===== Extracted data =====

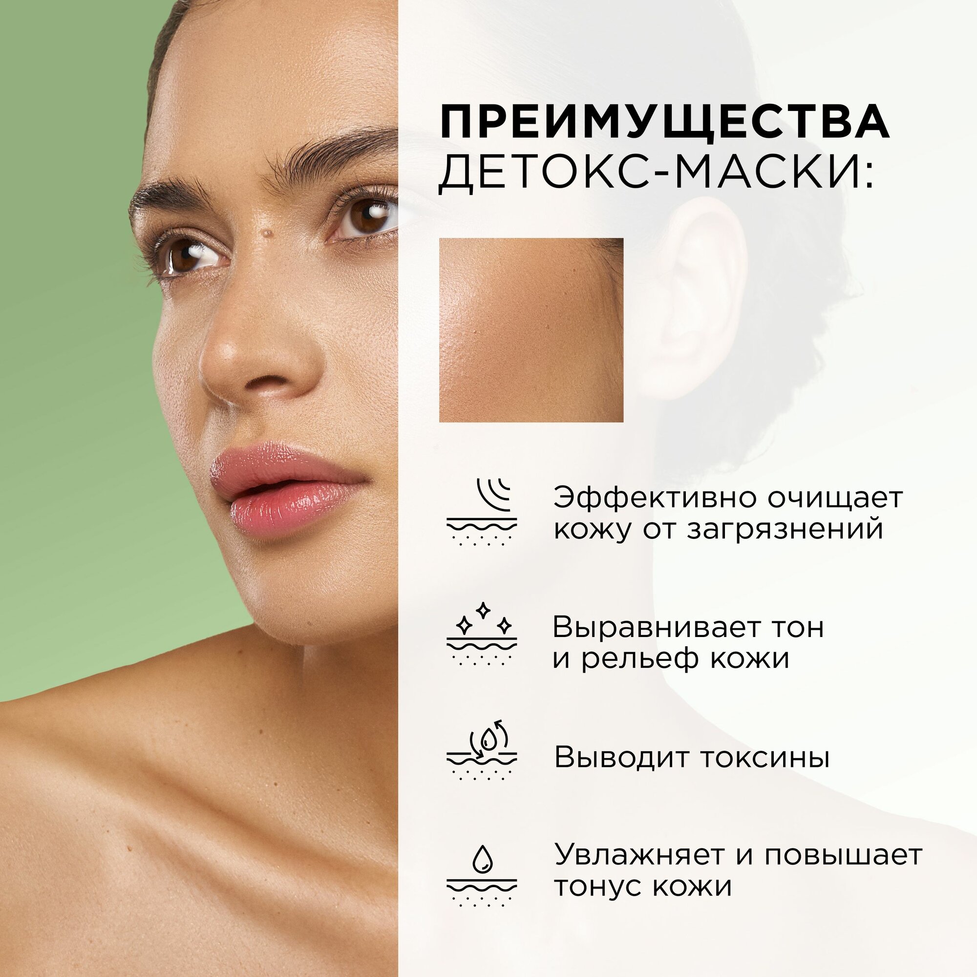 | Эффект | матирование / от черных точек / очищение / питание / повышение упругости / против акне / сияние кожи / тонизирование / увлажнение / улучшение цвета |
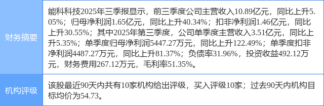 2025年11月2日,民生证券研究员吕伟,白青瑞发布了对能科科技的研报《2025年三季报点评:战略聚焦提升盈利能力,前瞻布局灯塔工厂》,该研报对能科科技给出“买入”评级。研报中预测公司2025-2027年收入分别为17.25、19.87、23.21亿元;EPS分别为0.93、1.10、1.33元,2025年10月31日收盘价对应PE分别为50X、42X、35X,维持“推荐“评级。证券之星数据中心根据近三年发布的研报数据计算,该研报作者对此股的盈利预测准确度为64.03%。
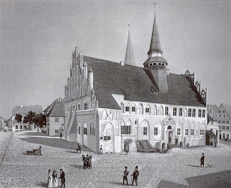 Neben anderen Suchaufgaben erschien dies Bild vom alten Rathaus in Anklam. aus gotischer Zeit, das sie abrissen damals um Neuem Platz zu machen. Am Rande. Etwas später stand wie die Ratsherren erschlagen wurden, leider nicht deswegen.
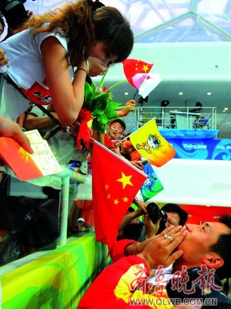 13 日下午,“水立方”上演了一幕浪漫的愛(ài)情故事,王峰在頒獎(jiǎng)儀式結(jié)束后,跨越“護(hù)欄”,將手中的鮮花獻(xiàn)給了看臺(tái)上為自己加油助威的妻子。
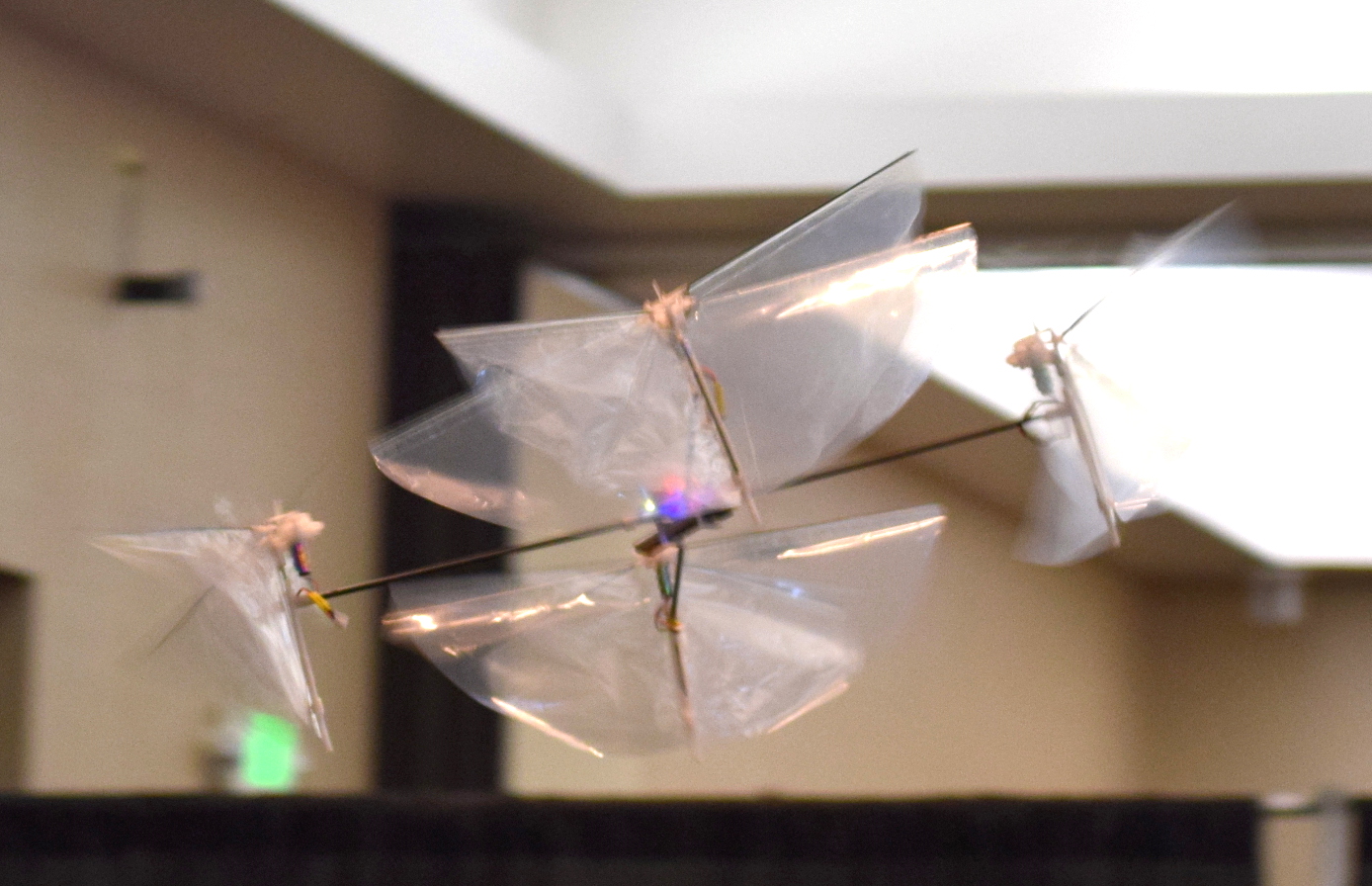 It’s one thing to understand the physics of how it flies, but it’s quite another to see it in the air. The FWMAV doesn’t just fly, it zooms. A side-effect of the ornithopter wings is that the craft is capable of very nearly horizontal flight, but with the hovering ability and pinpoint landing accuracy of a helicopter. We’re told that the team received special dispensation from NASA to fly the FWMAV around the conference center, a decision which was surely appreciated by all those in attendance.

=====

Activity.
The answer should consist of all the records, duplicated exactly, with no images included.

Result of the exercise.
 | Эффект | матирование / от черных точек / очищение / питание / повышение упругости / против акне / сияние кожи / тонизирование / увлажнение / улучшение цвета |
 2025年11月2日,民生证券研究员吕伟,白青瑞发布了对能科科技的研报《2025年三季报点评:战略聚焦提升盈利能力,前瞻布局灯塔工厂》,该研报对能科科技给出“买入”评级。研报中预测公司2025-2027年收入分别为17.25、19.87、23.21亿元;EPS分别为0.93、1.10、1.33元,2025年10月31日收盘价对应PE分别为50X、42X、35X,维持“推荐“评级。证券之星数据中心根据近三年发布的研报数据计算,该研报作者对此股的盈利预测准确度为64.03%。
 Neben anderen Suchaufgaben erschien dies Bild vom alten Rathaus in Anklam. aus gotischer Zeit, das sie abrissen damals um Neuem Platz zu machen. Am Rande. Etwas später stand wie die Ratsherren erschlagen wurden, leider nicht deswegen.
 13 日下午,“水立方”上演了一幕浪漫的愛(ài)情故事,王峰在頒獎(jiǎng)儀式結(jié)束后,跨越“護(hù)欄”,將手中的鮮花獻(xiàn)給了看臺(tái)上為自己加油助威的妻子。
 It’s one thing to understand the physics of how it flies, but it’s quite another to see it in the air. The FWMAV doesn’t just fly, it zooms. A side-effect of the ornithopter wings is that the craft is capable of very nearly horizontal flight, but with the hovering ability and pinpoint landing accuracy of a helicopter. We’re told that the team received special dispensation from NASA to fly the FWMAV around the conference center, a decision which was surely appreciated by all those in attendance.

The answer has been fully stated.